Youth is a Dream


























Paulo Sorrentino - Director-in-Residence

The Tweed Pig has adopted Paulo Sorrentino as our unofficial director-in-residence. (Whit Stillman, I decided, doesn't make enough films for this 'honour'.)

Paolo's films are beautiful, poetic and complex (or simple depending on how much you read into them) — with visual artistry, painstakingly arranged set pieces and unapologetically slow pacing that renders appreciative viewers spellbound.





















Decrepitude

Following on from Consequences of Love and The Great BeautyYouth [Amazon] offers another masculinist character study. With a script written by Paolo, the film contemplates the process of ageing and the consequent malaise when life's arc is descending towards decrepitude.

Michael Caine, dressed by Cesare Attolini of Naples (like Jep Gambardella in The Great Beauty), is superb as Fred Ballinger, a retired composer and conductor. Harvey Keitel, dressed by Brioni, plays Mick Boyle, a director working on a final film he hopes to be his magnum opus.

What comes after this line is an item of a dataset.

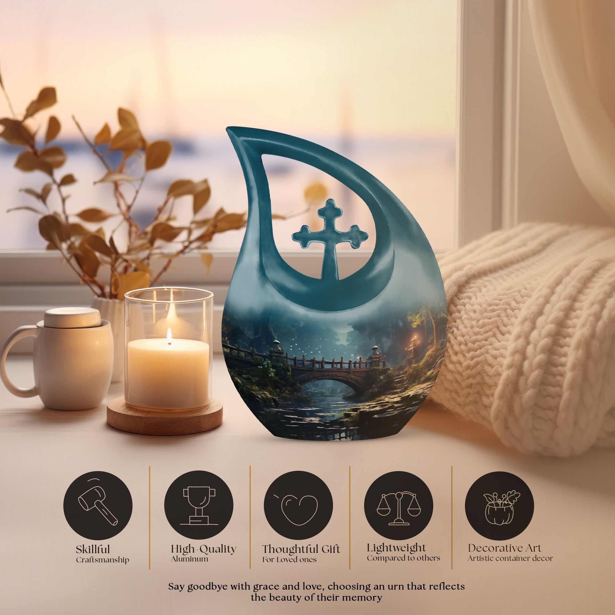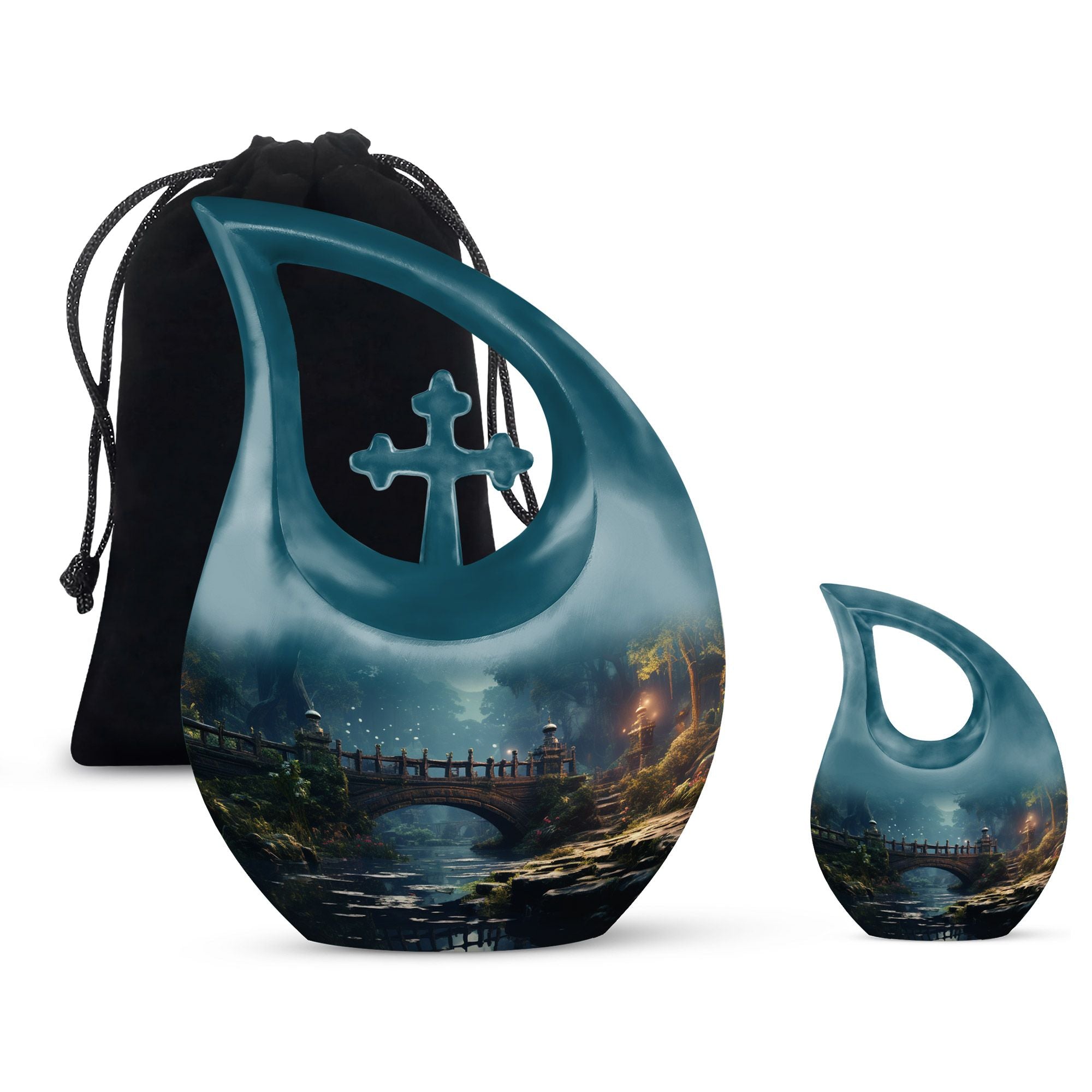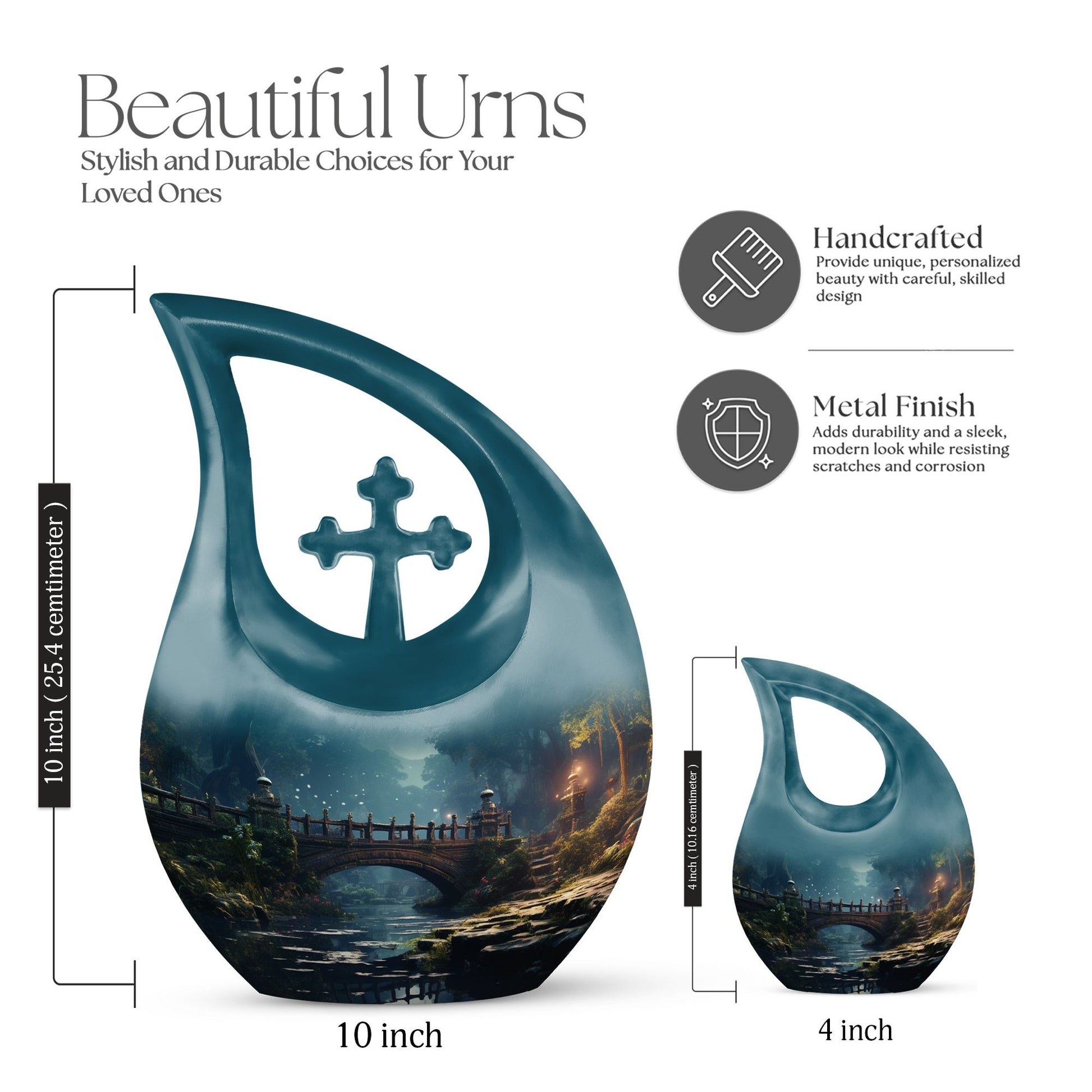 Carve in your loved ones memory by securing their blessings in very uniquely designed, Wilderness themed Mini Cremation Urn. Precision-cut from durable Aluminium material, weighing just 3.3 pounds and a size of 10 inches, this Wilderness Urn embodies a peaceful and soothing presence appealing to adults and seniors alike. Its capacity to contain 200 cubic inches of ashes provides your cherished one a deserved resting place. To augment the uniqueness, you can personalize it with engraved names, making the urns truly one of a kind. The package arrives with a delicate velvet pouch, ensuring the secure containment of ashes and adding to the overall touch of the urn. So, whether you're looking for Large Urns for Human Ashes, a Cremation Urn Vault or Unique Cremation Keepsakes, this Wilderness Urn fits the bill perfectly. Honor your loved ones and comfort your broken heart with these memorial urns crafted with love and grace.

Fred and Mick are staying at a Swiss hotel, a setting of luxurious decadence. The two act as observers rather than participants, mulling their loss of vigour and creative spark as eccentric characters inhabit the mise en scène.

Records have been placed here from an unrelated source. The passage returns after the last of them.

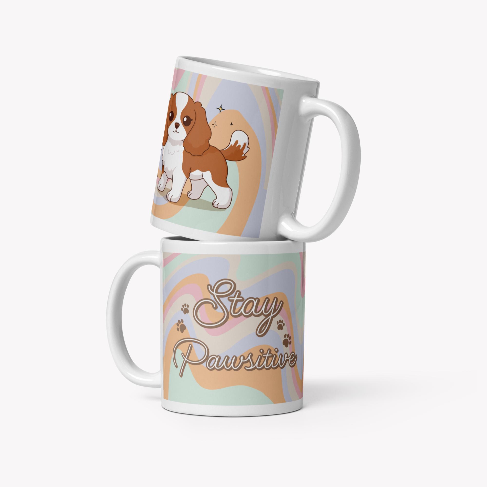 Ilustrada à mão com muito amor, tem de um lado um patudo adorável e do outro a frase inspiradora: “Stay Pawsitive” 💛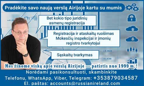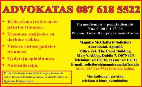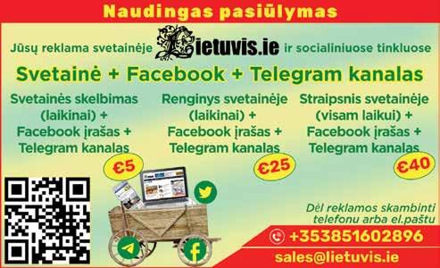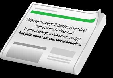 Redakcija nėra atsakinga už reklaminės medžiagos turinį. Disclaimer: The publisher cannot be responsible and liable for any contents of any advertising and other material contained herein whatsoever. Redakcijos nuomonė nebūtinai sutampa su autoriaus nuomone. Laikraščio platinimo klausimais kreipkitės telefonu: + 35385 1602896. For distribution queries call: + 35385 1602896. Reklamos klausimais kreipkitės telefonu: + 35385 1602896 sales@lietuvis.ie. For advertising call + 35385 1602896. Laikraščio tiražas – 1500 egzempliorių. ISSN 1649-5574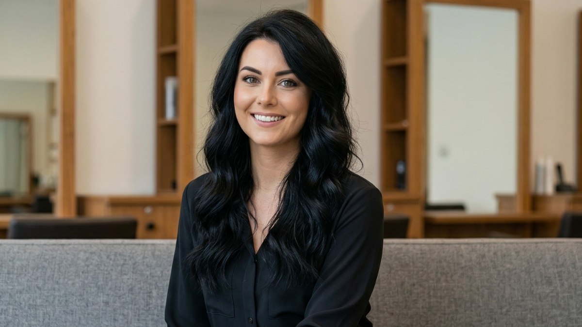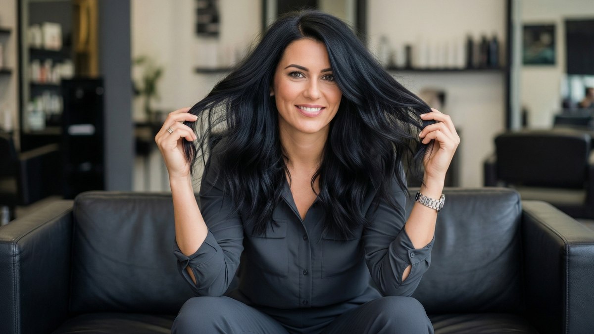 Er gaat een sereniteit en zelfverzekerdheid uit van haar dat zo donker en glanzend gestyled is. Dit lange kapsel is opgebouwd rond een diepe, blauwzwarte basiskleur die luxueus aanvoelt zonder ooit zwaar of dof te ogen. Een klassieke middenscheiding houdt de look in balans, terwijl lange lagen rond het gezicht de gelaatstrekken op een zachte manier omlijsten.
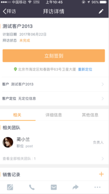 记录业务进行的地点、时间、时长。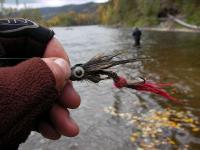 Можно использовать муховоблеров, но в большинстве случаев нет возможности зайти в воду для выбора подходящей позиции. Вот на такие моменты и припасено в коробке несколько изготовленных на легком джиге или подгруженных свинцом стримеров, которые позволяют облавливать более глубокие участки реки.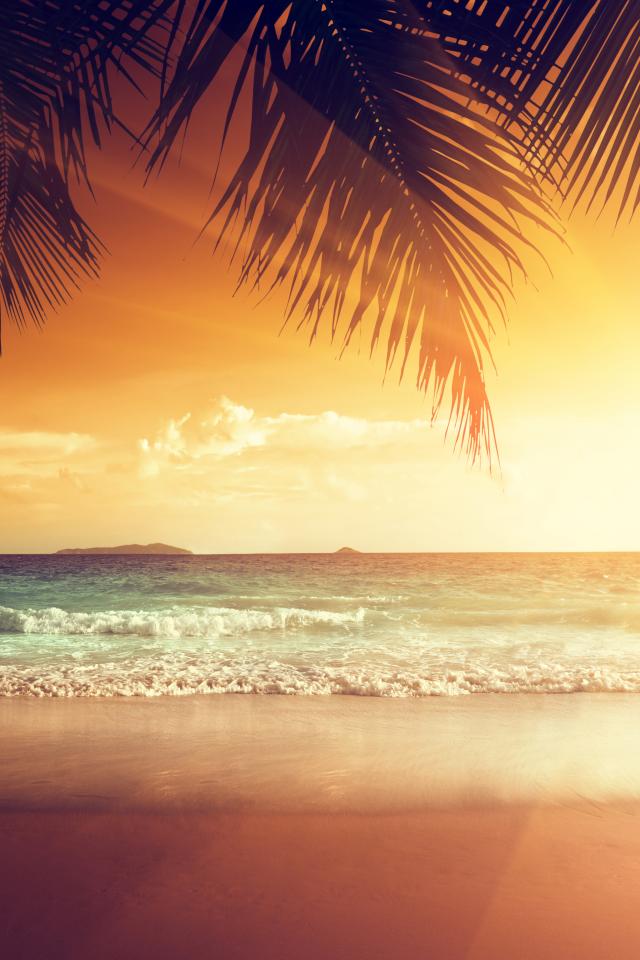 Обои Закат солнца на тропическом пляже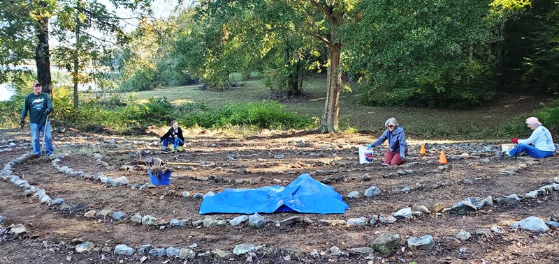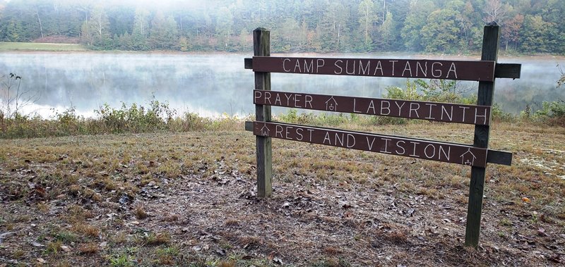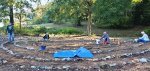 After the grueling day Monday of weeding and cleaning out the debris in the labyrinth at Camp Sumatanga, the work continued Tuesday morning. It was more of the same – weeding and cleanup and digging up rocks marking the trail that had, over time, become buried in the dirt. It was amazing the improvement by the end of the day. We finally had the entire labyrinth revealed. A couple of us actually walked the entire path and found it is ½ mile walk to the center and back out. There was also more grass cutting and bush hogging. Three of the ladies also began creating a sign for the labyrinth. Wednesday after working on the labyrinth until mid-afternoon, we celebrated the completion of the labyrinth and the installation of the sign. It was very much a team effort with the entire team contributing to the effort. We are very pleased with the outcome. We are praying that people who visit the labyrinth will find a place to pray and meditate and leave with a closer relationship with our Lord. There was also more general landscaping, mowing, and other work done each day.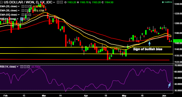 We prefer to take long position in USD/KRW only above 1169, stop loss 1162 and target 1194 marks.

Mick is feeling nostalgic for the enthusiasms that fired his youth and inspired his creativity. Deep down he knows he has lost his edge in film making and the capability of having original ideas.

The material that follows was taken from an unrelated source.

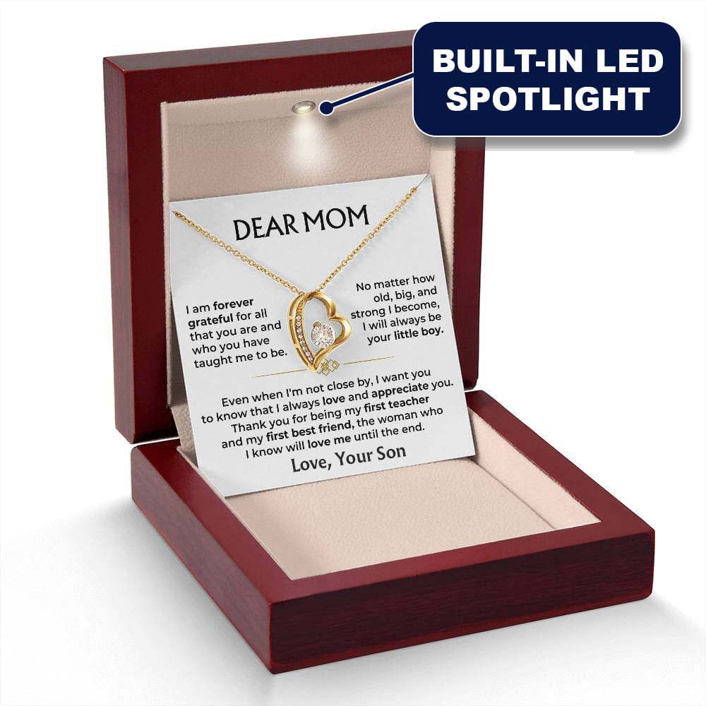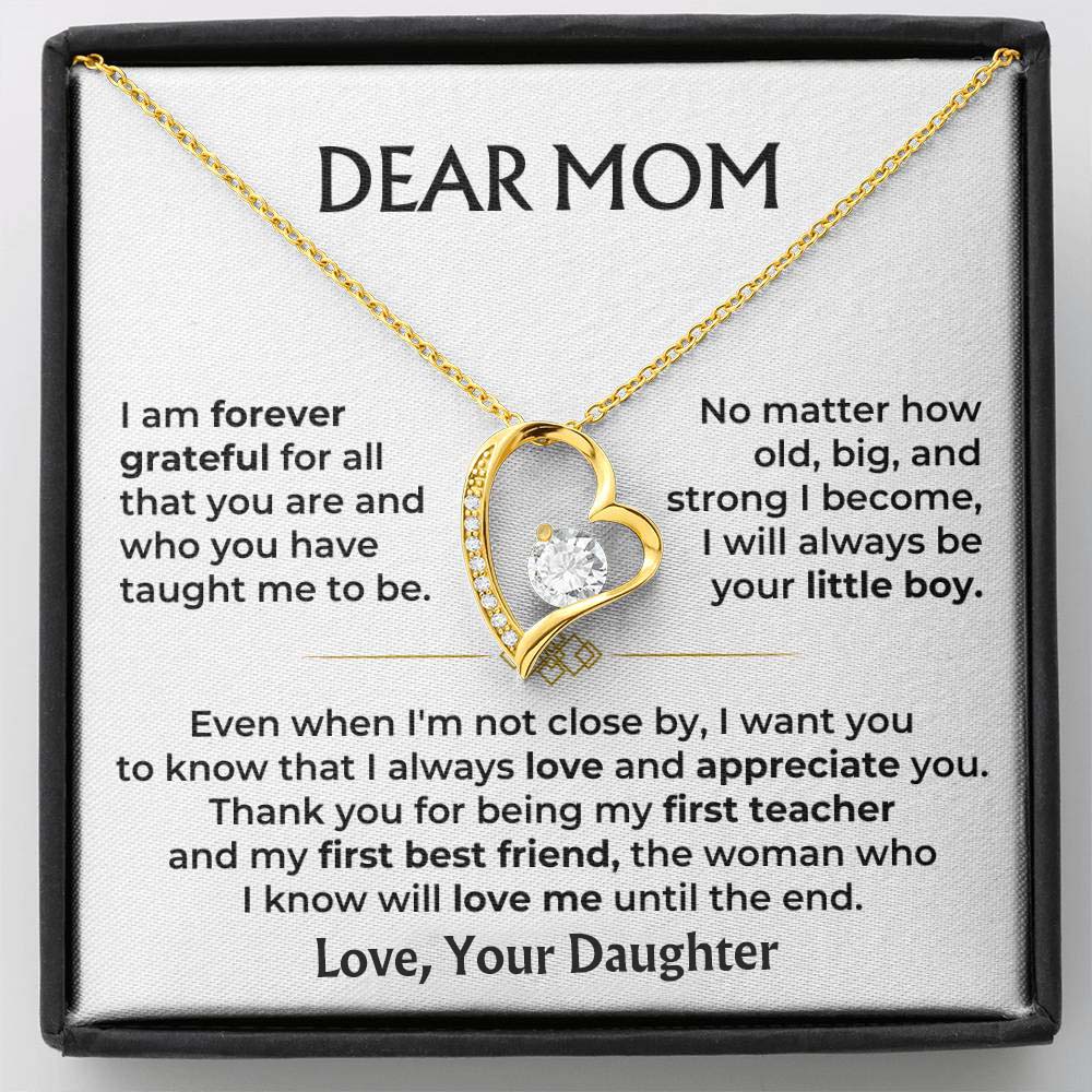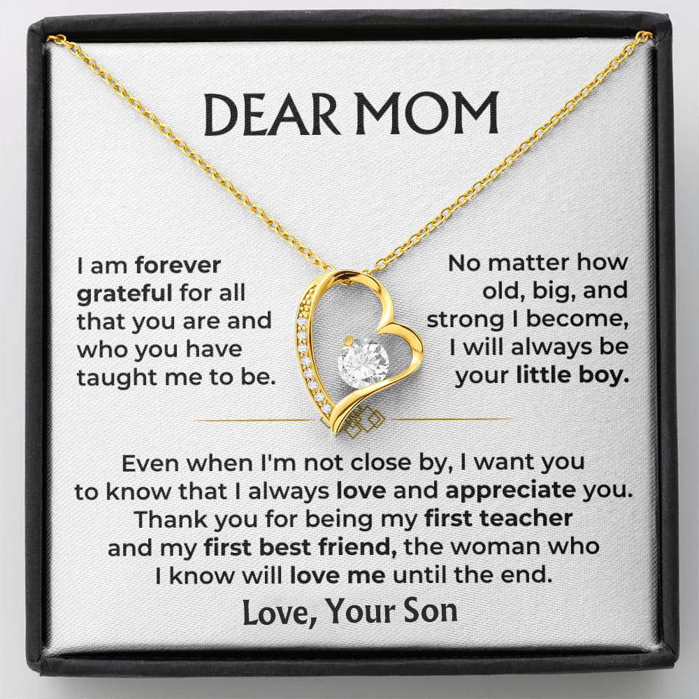 "DEAR MOM - I am forever grateful for all that you are and who you have taught me to be. No matter how old, big, and strong I become, I will always be your little boy. Even when I'm not close by, I want you to know that I always love and appreciate you! Thank you for being my first teacher and my first best friend, the woman who I know will love me until the end."

Fred has turned his back on his professional life, despite advances from the Queen's emissary to perform his most famous work, Simple Songs. He shuns the requests, and later explains with great poignancy why he has lost his enthusiasm.

Composer David Lang composed the original music for the film, including the moving Simple Song #3, which we get to hear in the film.





















No Future

Caught up in their own predicament, the two men seem particularly helpless concerning their children. Fred's daughter, Lena, is also staying at the hotel and is married to Mick's son. Their children's marriage is falling apart. If greater insight is meant to come with age, the men are unable to offer any.

As the film progresses, the men arrive at different conclusions as to how they might accommodate past accomplishments with the impotency of the present and the colourlessness of the future.

I think I've made the film sound very bleak, when it actually has lots of humour in it. As well as being an absolute visual feast, it has one of Michael Caine's finest performances. And his hair has never looked better.

Roll on the next Paolo Sorrentino offering. I'm hearing very good things about The Young Pope with Jude Law.